This blog prefers to give the BBC, and indeed all mainstream broadcasters, the benefit of the doubt, even when claims of prejudice and bias are swirling around. Most of the time, the Corporation does its best to steer a path free of partiality, and succeeds in its efforts. But one part of its reporting on the fallout from the Salisbury poisoning has given cause for concern. And I have to tell the Beeb that the concern is justified.
While the Government, cheered to the rafters by the right-leaning part of our free and fearless press, has wasted no time in pointing the finger for Sergei and Yulia Skripal’s poisoning with a nerve agent from the Novichok family straight at the Government in Moscow, and in the wayward world of former very occasional London Mayor Alexander Boris de Pfeffel Johnson, straight at its head, Jeremy Corbyn had urged caution.

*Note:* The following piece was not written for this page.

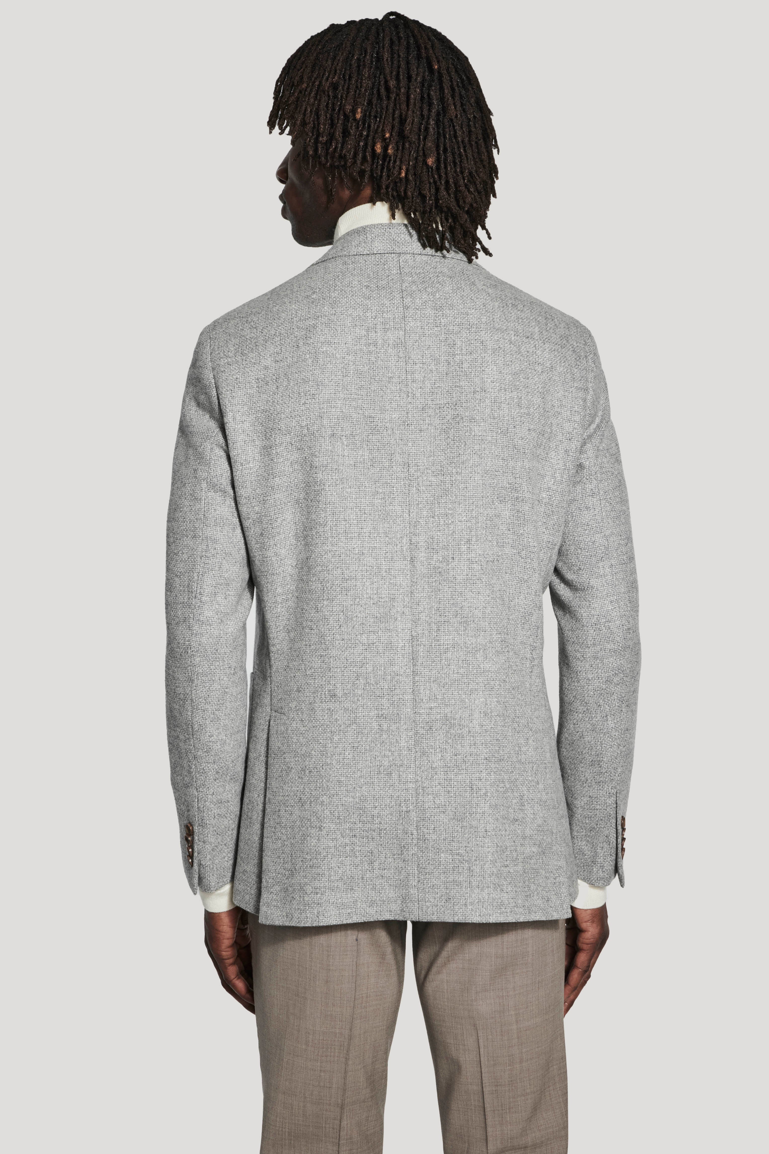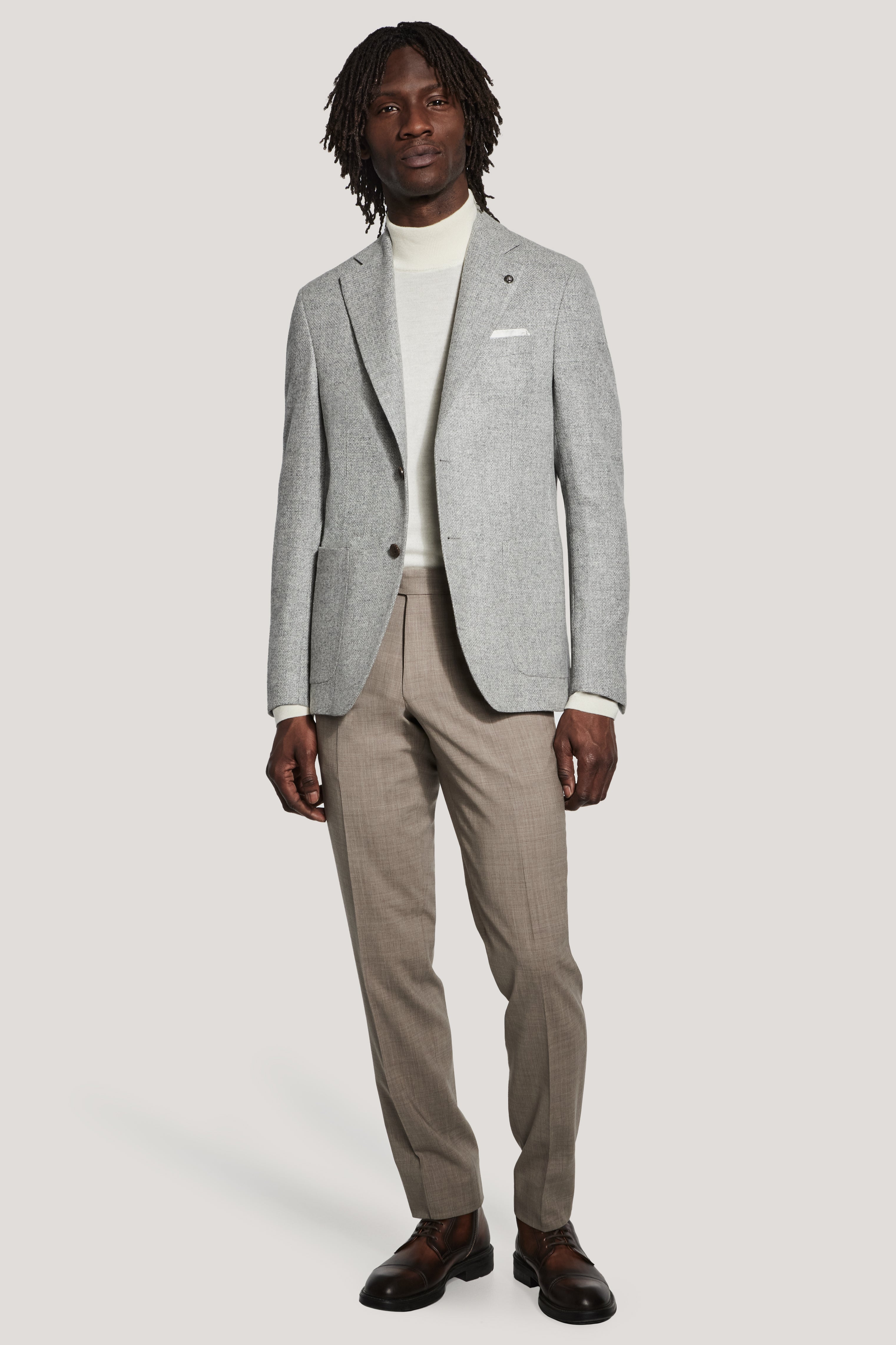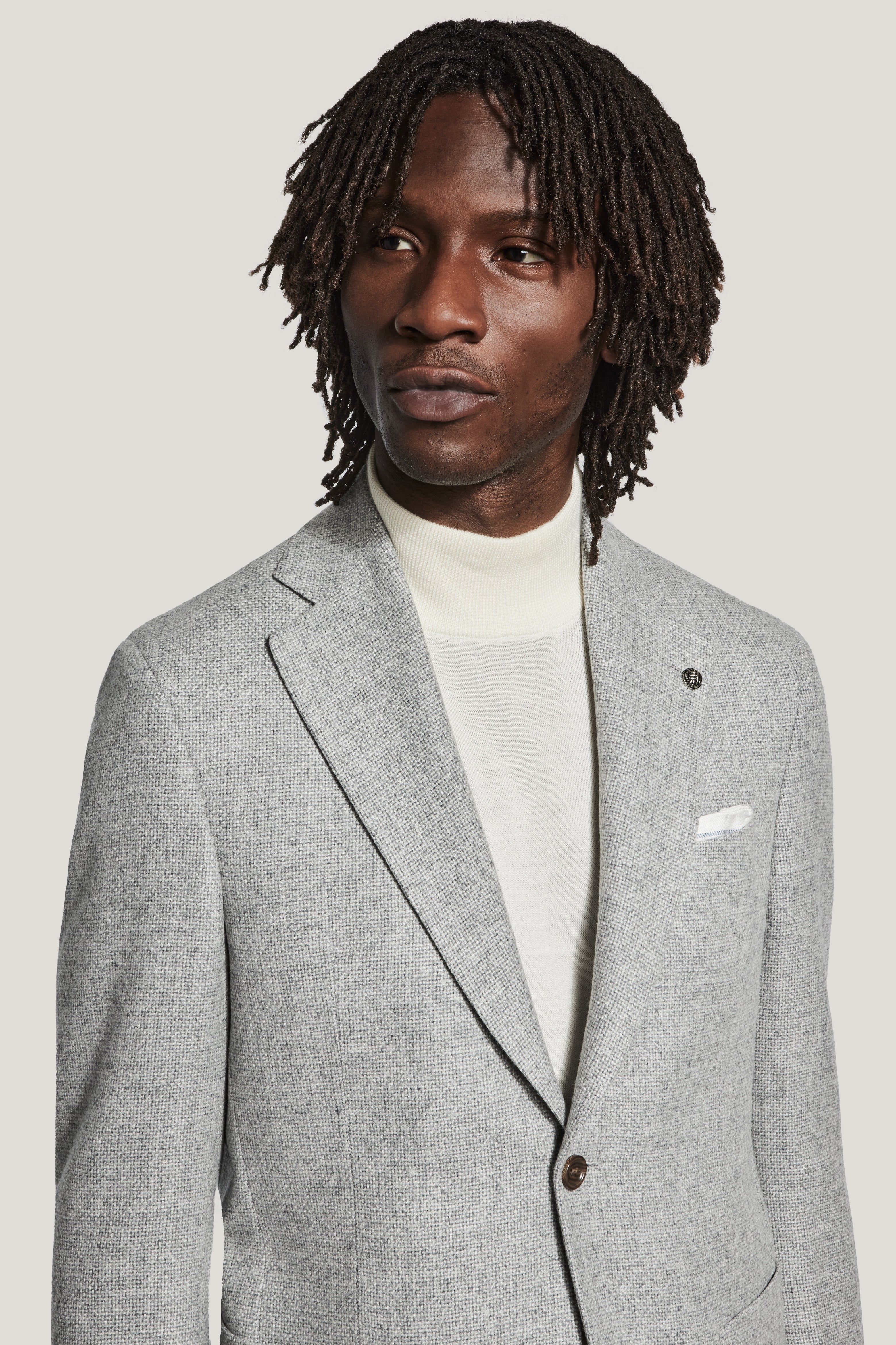 Confectionné dans un luxueux mélange de laine, soie et lin, ce blazer Myles à boutonnage simple et deux boutons arbore une teinte gris clair raffinée, un fil plus épais et un tissage ouvert, créant un look plus lourd, idéal pour les transitions du début de l'automne. Conçu dans un style sartorial pour un drapé élégant et naturel, sa coupe non structurée et son intérieur semi-doublé assurent respirabilité et confort. Le revers cranté, les poches plaquées inférieures, la poche poitrine passepoilée supérieure et les poches intérieures allient style et fonctionnalité, tandis que les manches insérées ornées de fines surpiqûres soulignent le savoir-faire artisanal. Une pièce intemporelle à superposer, parfaite pour une tenue de saison sophistiquée.

The Labour leader has pointed out that Novichok nerve agent may have fallen into the hands of one or more of the mafia organisations that have sprung up since the collapse of the former Soviet Union; it has already been admitted by the Government that Novichoks can be manufactured in more or less any suitably equipped laboratory.
For this caution, Corbyn was instantly vilified by the right-wing press, the Mail and Sun asserting that he was in hock to Vladimir Vladimirovitch Putin. Terms such as “puppet”, “stooge”, and “appeaser” were deployed in support of these claims. The BBC should have been aware of the sensitivity of the subject when Newsnight came to cover it.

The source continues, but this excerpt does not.